Unless a photo is requested, you don’t need to include one. A job should be given on merit, not on appearance, and photos can act as an unhelpful distraction.
While some jobs may have age restrictions, the majority won’t, so unless there’s a clear reason to give your age, don’t bother.
There is no need to include your marital status, political affiliations, religious beliefs or national insurance number. These may have been required at one time, but giving these details is now highly discouraged and could even be illegal in some circumstances!
This should be a given, but anyone who watches The Apprentice will know that there can be a tendency to embellish the truth when it comes to writing a resume. As well as harming your conscience, the truth has a tendency to come out. Even if you get the job, it could put your future in jeopardy if a fib is exposed down the line.

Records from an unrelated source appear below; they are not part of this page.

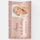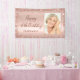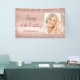 Elegant Modern Sparkle rose gold glitter metal Personalized Photo Happy 80th Birthday Party Banner. This Girly Adult feminine Birhday party decor featuring "Happy 80th Birthday" text in a stylish handwritten calligraphy script and custom name on blush pink or rose gold faux brushed metallic foil background with loose glam glitter frame around. Ideal for a feminine adult or girly milestone birthday celebration, this perfectly captures the essence of a modern rose gold or blush pink glitter sparkle girly birthday party. Perfect for a welcome banner or even a party decoration.
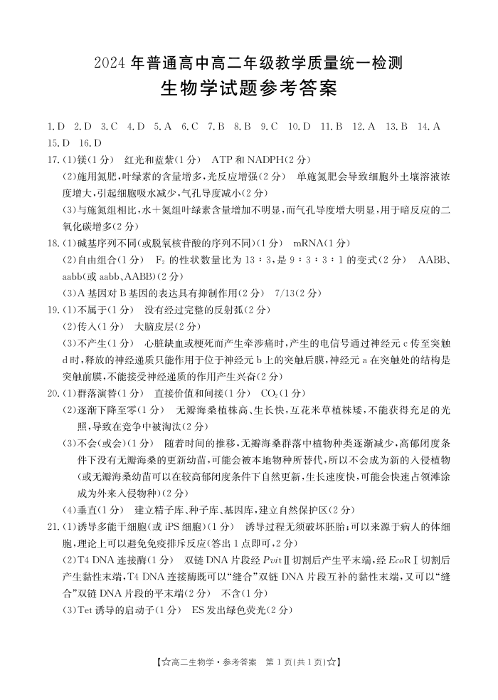 甘肃省普通高中高2025届下学期期末教学质量统一检测生物答案
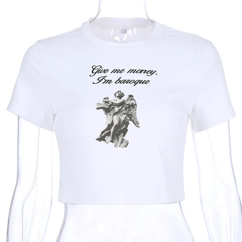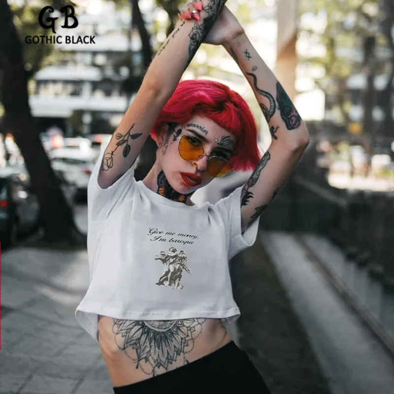 | Gothic Black Leisure Women O-Neck Short Sleeve Letter Sculpture Printing Short T-shirt Female Streetwear White Loose Crop Tops |
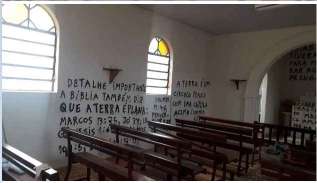 Nas paredes internas da capela, o criminoso jogou as imagens dos santos ao chão, pichou as paredes questionando as santidades e alegou que a “terra é plana”. Em outra parede, o vândalo pichou “a terra é um círculo plano com uma cúpula acima ” e “detalhe importante, a bíblia também diz que a terra é plana” seguido de citações de versículos bíblicos.
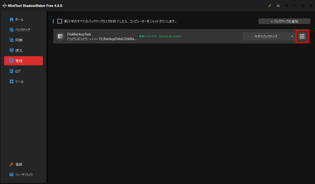 メニューの管理から、今すぐバックアップの右側にある三本線のボタンを押します。
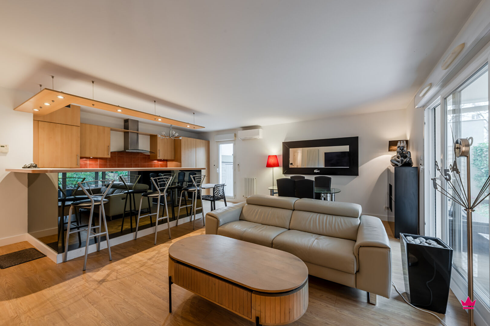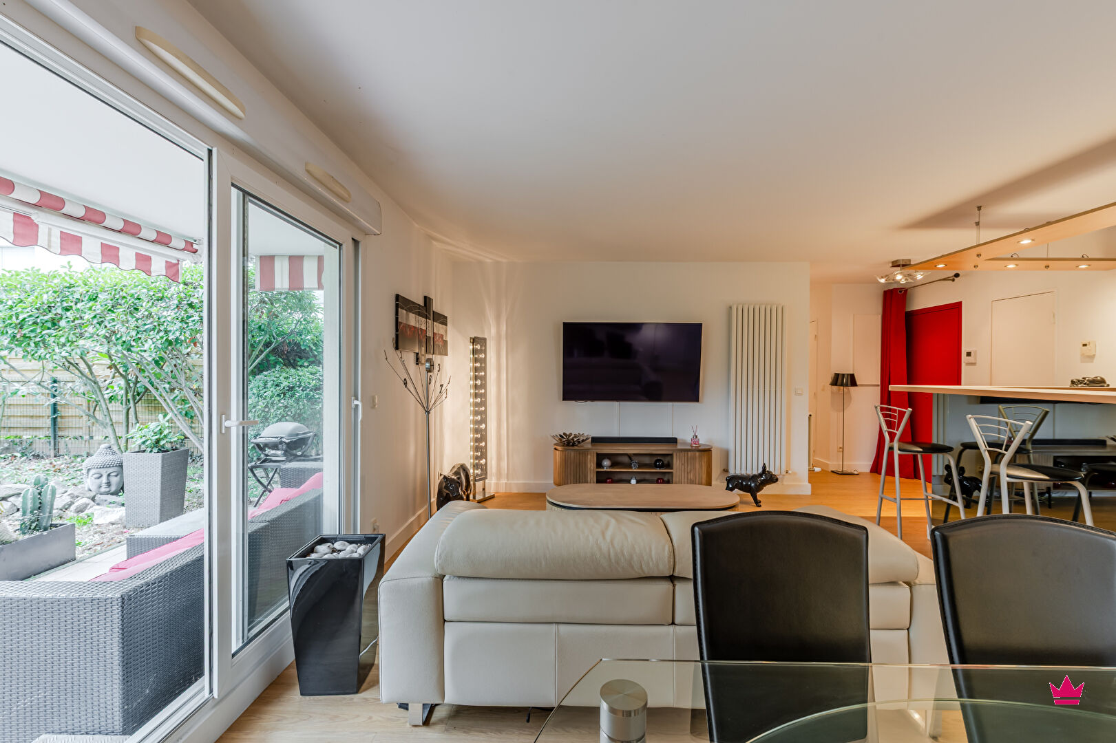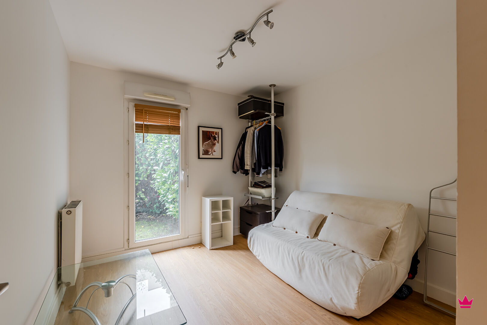 La cuisine est ouverte et aménagée, les deux chambres offrent de beaux volumes avec placards muraux et accès au jardin privatif, la salle d'eau est moderne et les toilettes sont séparées.
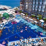Протяженность пляжа — 90 метров. Деревянный пирс, длина 60 метров. Пляжные полотенца выдаются по карточкам. На пляже: бар, шатры.
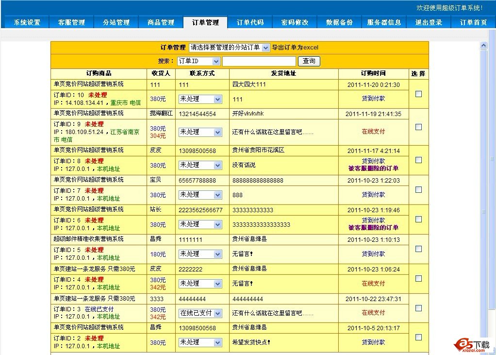 5、分站的订单后台删除了客户信息而总站还显示并且标记为分站删除处理,总站订单后台删除了客户信息就真删除了。
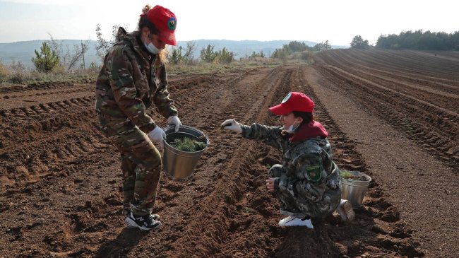 Фото: Управление информации и пресс-службы главы Республики Крым. Глава Республики Крым Сергей Аксёнов вместе с заместителем Министра природных ресурсов и экологии Российской Федерации – руководителем Федерального агентства лесного хозяйства Сергеем Аноприенко принял участие во всероссийской акции «Сохраним лес». Заместитель министра природных ресурсов и экологии РФ Сергей Аноприенко отметил, в этом году в рамках всероссийской акции планируется высадить порядка 40 миллионов различных деревьев, на сегодняшний день уже преодолели отметку 30 миллионов. В свою очередь, Сергей Аксёнов подчеркнул, что возрождение лесов – это одна из приоритетных задач как на республиканском, так и на федеральном уровне. «В Республике Крым компенсационная высадка деревьев осуществляется практически каждый год. В этом году в целом по республике будет высажено более 250 гектаров лесонасаждений. Деньги на это выделены Правительством Российской Федерации в рамках федерального проекта «Сохранение лесов»», - заявил Глава республики. В рамках акции была осуществлена непосредственно высадка саженцев: на двух гектарах на территории Бахчисарайского лесничества было высажено более 10 тысяч саженцев крымской сосны.

Many of us automatically include hobbies on our CVs because we want to show employers that there’s more to us than just work, work, work. But unless they’re relevant to the job you’re applying for, they will simply take up the hiring manager’s valuable time.
It should be fairly obvious that you want the job if you’re applying for it, so avoid stating this. The exception to this rule is if you’re moving from one industry to another and want to explain the transition. You can say why you want the job in your cover letter and at the interview stage.
You may have been the best paper girl or boy in your town as a teenager, but it probably isn’t relevant to your future field of work. Include only the key roles you’ve had and demonstrate why they are relevant if it isn’t immediately obvious.
If your personal email address is in any way controversial or unprofessional, set up a new one specifically for job applications. This will help when you send your CV off and will also enable you to keep track of applications more easily.
If your CV is packed full of irritating phrases like “There’s no I in team” or “cross-platform synergy” or “thinking outside the box” you’re sure to put the hiring manager off. Good terms to use (in moderation) include “achieved”, “managed”, “resolved” and “launched”.
You may think including headers, footers, tables, images and charts demonstrates your excellent use of Microsoft Word, but employers will see it as a waste of time. Worse still, if the company uses an automated CV tracking system, the data may be extracted and regurgitated in an almost incomprehensible form. Stick to clear, simple, black fonts, bullet points, subheadings and concise text.
Remember that hiring managers typically receive around 75 CVs for each post, so yours needs to stand out for the right reasons. They will spend an average of just six seconds at the initial screening phase, so don’t give them any reason to dump your resume without giving it a fair chance.